**Data excerpt**.
________________________

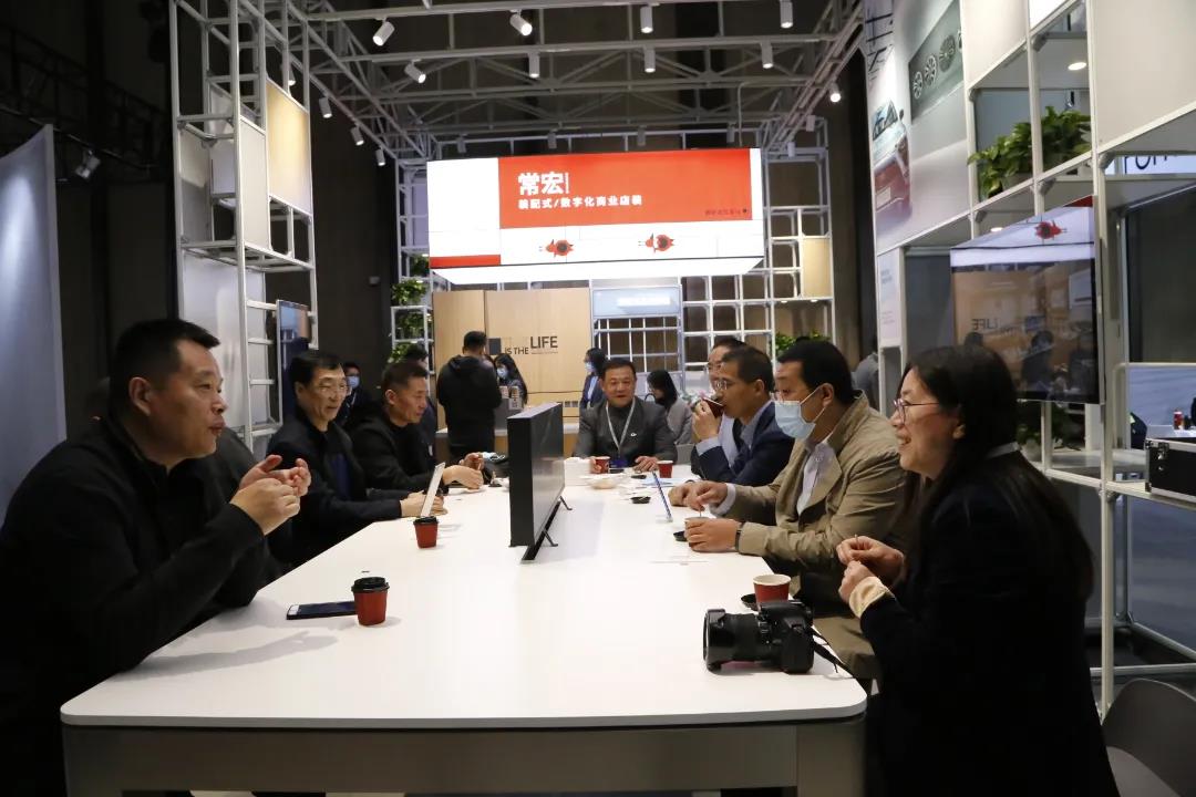 河北省風(fēng)景園林學(xué)會副理事長兼規(guī)劃設(shè)計委員會主任鄭占峰先生、雄安城市規(guī)劃設(shè)計研究院總工程師夏雨女士、河北省工業(yè)設(shè)計協(xié)會秘書長于俊卯先生、河北省建筑科學(xué)研究院副院長邊智慧先生、孫錚室內(nèi)設(shè)計工作室設(shè)計總監(jiān)孫錚先生、蕉林・茶書屋創(chuàng)始人張迎軍先生、格藝晟景觀總經(jīng)理趙紅女士等一行到訪常宏展位。
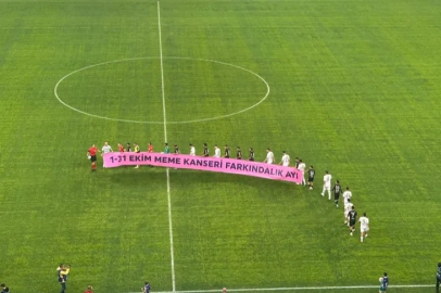 BURSA (İGFA) - Bursasporlu futbolcular ‘1-31 Ekim meme kanseri farkındalık ayı’ pankartıyla sahaya çıkarak meme kanserine dikkat çekerken, Teksas taraftar grubu ise kadına şiddete dikkat çekti.
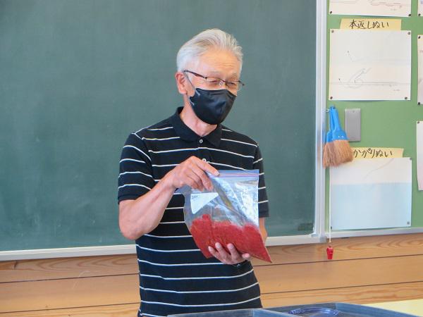 8月25日(金)、春からお世話になっている畑の先生(新野先生)をお招きし、4年生が夏休み前に収穫した紅花を使って紅餅づくりを行いました。まずは、すり鉢を使って紅花をつぶす作業です。すり鉢をおさえてあげたり、時々交代したりしながら、友達と協力してすり潰します。お手本として見せていただいた先生の素早い手さばきに、思わず「おおー!」「プロの技だ!」といった声が漏れだします。 次に、すりつぶした花を固く絞って水分をとります。 最後に、適当な大きさに丸めて、平たく伸ばしていきます。この後、しばらく乾燥させて出来上がりです。毎日、ひっくり返す作業も必要とのことでした。4年生の皆さん、忘れずにね!
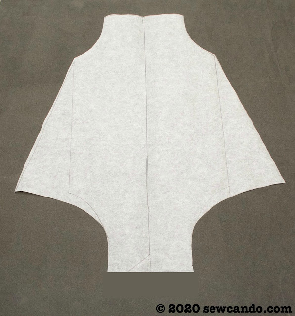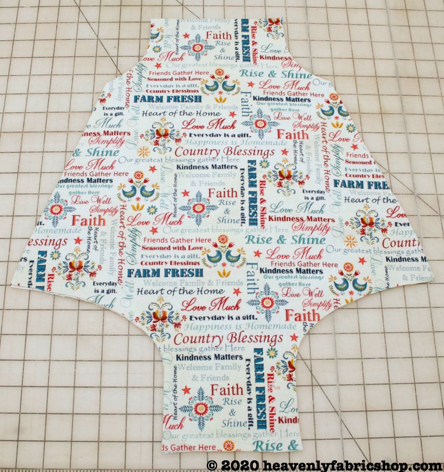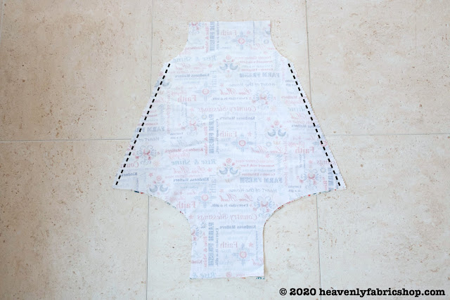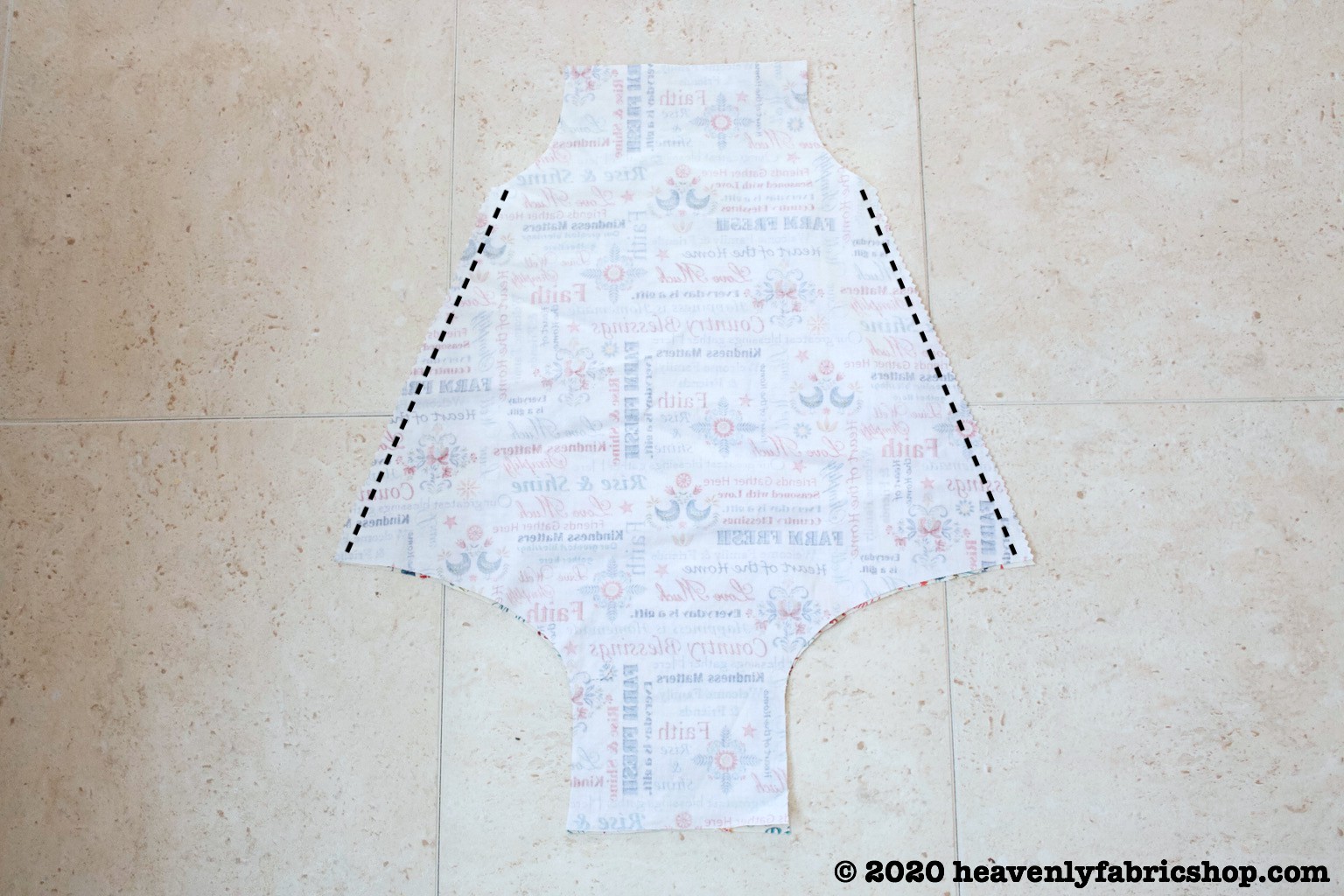 If using a self-drafted version, where the pattern is full width, have fabric folded in half, with selvages on one side. Cut out two pieces from the fabric (front & back).

________________________

**Your assignment**. Copy all of the listing word for word, minus the images.

**Finished exercise**.
 河北省風(fēng)景園林學(xué)會副理事長兼規(guī)劃設(shè)計委員會主任鄭占峰先生、雄安城市規(guī)劃設(shè)計研究院總工程師夏雨女士、河北省工業(yè)設(shè)計協(xié)會秘書長于俊卯先生、河北省建筑科學(xué)研究院副院長邊智慧先生、孫錚室內(nèi)設(shè)計工作室設(shè)計總監(jiān)孫錚先生、蕉林・茶書屋創(chuàng)始人張迎軍先生、格藝晟景觀總經(jīng)理趙紅女士等一行到訪常宏展位。
 BURSA (İGFA) - Bursasporlu futbolcular ‘1-31 Ekim meme kanseri farkındalık ayı’ pankartıyla sahaya çıkarak meme kanserine dikkat çekerken, Teksas taraftar grubu ise kadına şiddete dikkat çekti.
 8月25日(金)、春からお世話になっている畑の先生(新野先生)をお招きし、4年生が夏休み前に収穫した紅花を使って紅餅づくりを行いました。まずは、すり鉢を使って紅花をつぶす作業です。すり鉢をおさえてあげたり、時々交代したりしながら、友達と協力してすり潰します。お手本として見せていただいた先生の素早い手さばきに、思わず「おおー!」「プロの技だ!」といった声が漏れだします。 次に、すりつぶした花を固く絞って水分をとります。 最後に、適当な大きさに丸めて、平たく伸ばしていきます。この後、しばらく乾燥させて出来上がりです。毎日、ひっくり返す作業も必要とのことでした。4年生の皆さん、忘れずにね!
 If using a self-drafted version, where the pattern is full width, have fabric folded in half, with selvages on one side. Cut out two pieces from the fabric (front & back).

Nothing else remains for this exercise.